Mobutu’s promise of economic recovery had ended up in catastrophe. One of the MPR’s early slogans had been:
Servir et non se server
(Serve, but not to serve yourself), but Mobutu and his clan served themselves very well indeed. His popularity declined. The bread was running out. And what about the circuses?

A
FTER HIS ADVENTURE WITH BAUDOUIN

S SWORD
, Longin Ngwadi returned to Kikwit. He began work as a salesman for Bata, the international shoe chain that had shops in Africa. One day he saw a pretty girl come into the shop. She looked at a few models, then went off to buy fish. A few minutes later Longwin closed the shop for lunch and went after her. She was just finishing her shopping. Fish was still affordable in those days. He spoke to her the immortal words:

“I’ll pay for your fish, if you become my fiancée.”

“Really?”

“Yes, really?”

“Then I’ll give you my address.”

That evening he visited her at her home. She called in her father and her uncles. The family first wanted to see who this oddball was.

“I am ready to take this girl as my wife,” Ngwadi said.

“Do you have money?” the family asked.

“Yes.”

That was not entirely true, but his European boss at the Bata shop was willing to advance him the dowry. It wasn’t the first time he’d done that for an employee. Ngwadi had to pay back a little each month. Bata had a good reputation, it was a serious shop. The father and uncles gave their approval.

Ngwadi worked for Bata for many years. Meanwhile, his wife, because that happened to be the tradition, worked the land: she grew corn, manioc, and peanuts. The young couple had everything they needed. The first of six children was born in 1969. A few years later Ngwadi bought a big lot, thirty meters by forty (nearly 100 by 130 feet), and built a spacious clay house, the same house where I interviewed him. “That was the wealthiest period of my life.”

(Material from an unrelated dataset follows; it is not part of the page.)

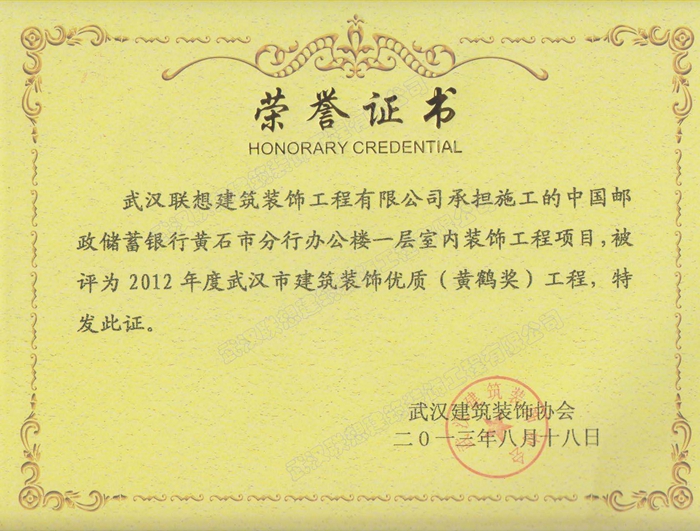 2012年度武漢建筑裝飾優(yōu)質工程黃鶴杯(中國郵政儲蓄銀行黃石市分行室內裝飾工程)

But then came Zaïrianization. “My European boss left. Bata was taken over by a Zaïrian. He ran the company. That was not good. Bata went bankrupt.” Hard times came. Increasingly often, Ngwadi went to pray at the grave of Kuku Pemba, a dangerous spot, a mythical spot. Kuku Pemba had been the first man from that region to see a white man. In times of famine, people turned to something higher. Kuku Pemba was seen as a powerful ancestor; even Mobutu was afraid of him.

In 1974, for the first time in years, Ngwadi went back to the capital. “I went to Kinshasa to see the fight. I saw Ali praying too. He was a Muslim and wore a little chain around his neck. Foreman had a big dog with him, like a European. I was sitting in the stadium. The match was held in the middle of the night. Foreman was stronger. Ali went to the ropes. He did that throughout the whole match. Foreman was swollen up like a pig. It was a fantastic fight, fantastic!”